While I wait for it something to break I drink coffee, or have regrets about why I didn't become a bagel baker or a music director or some other job that from a distance seems to be more rewarding. Sometimes I go to the bathroom, even though I don't really need to go right that moment. That scenario occurred today, when I could only handle reading software administration guides for so many consecutive hours. Afterwards, I washed my hands and silently questioned my reflection in the mirror, "Why do you even want to be an IT professional?"

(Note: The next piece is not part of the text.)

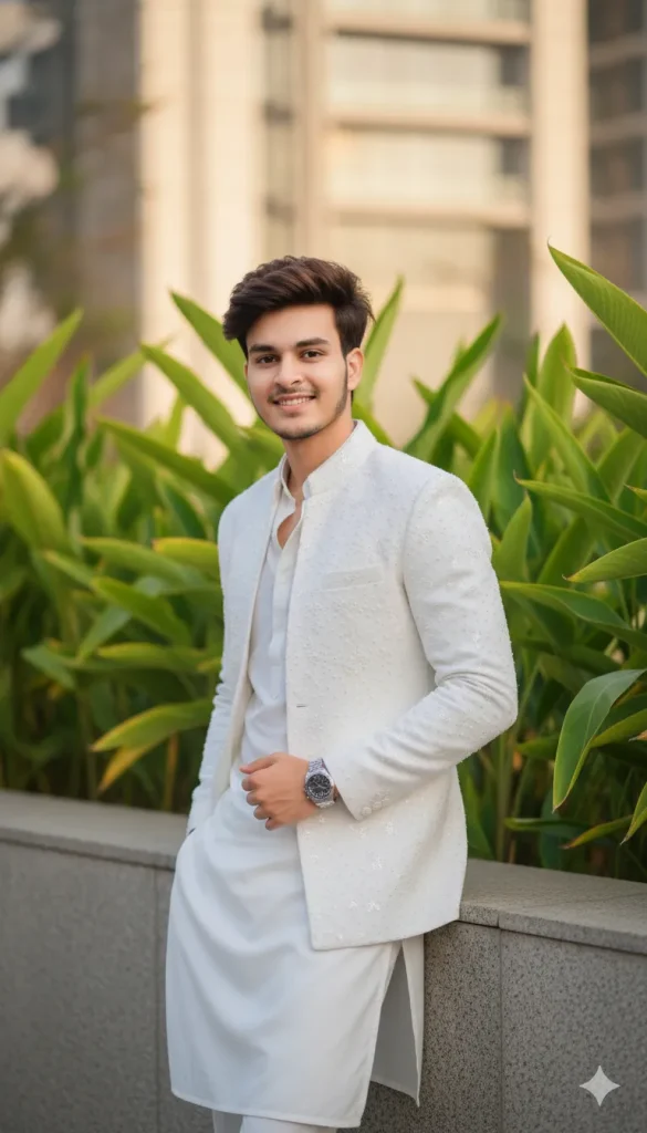 Prompt: “”Full-body, ultra-photorealistic portrait of a stylish, confident man, using the uploaded reference photo to keep the exact face and perfectly set hairstyle, facing the camera. He wears a modern all-white Indo-western outfit with subtle bead and sequin details on the jacket and kurta-style top, slightly open at the chest. Leaning slightly forward with elbows bent, hands loosely clasped in front, light stubble, sleek wristwatch. Standing reliably.”

I turned to dry my hands under the automatic hand-dryer. The sensor didn't work and no hot air came out. Purely on instinct I flicked the power switch off, waited a few seconds and flicked it back on again. Warm air commenced blowing against my skin, and I remembered, I didn't choose the IT life. The IT life chose me.
Comments
I have to say, this entry kinda resonated with me. Why on earth am I an IT professional? It's a shitty career sometimes. Most of the time.
Maybe I'm just bitter that I'm constrained by Change Control.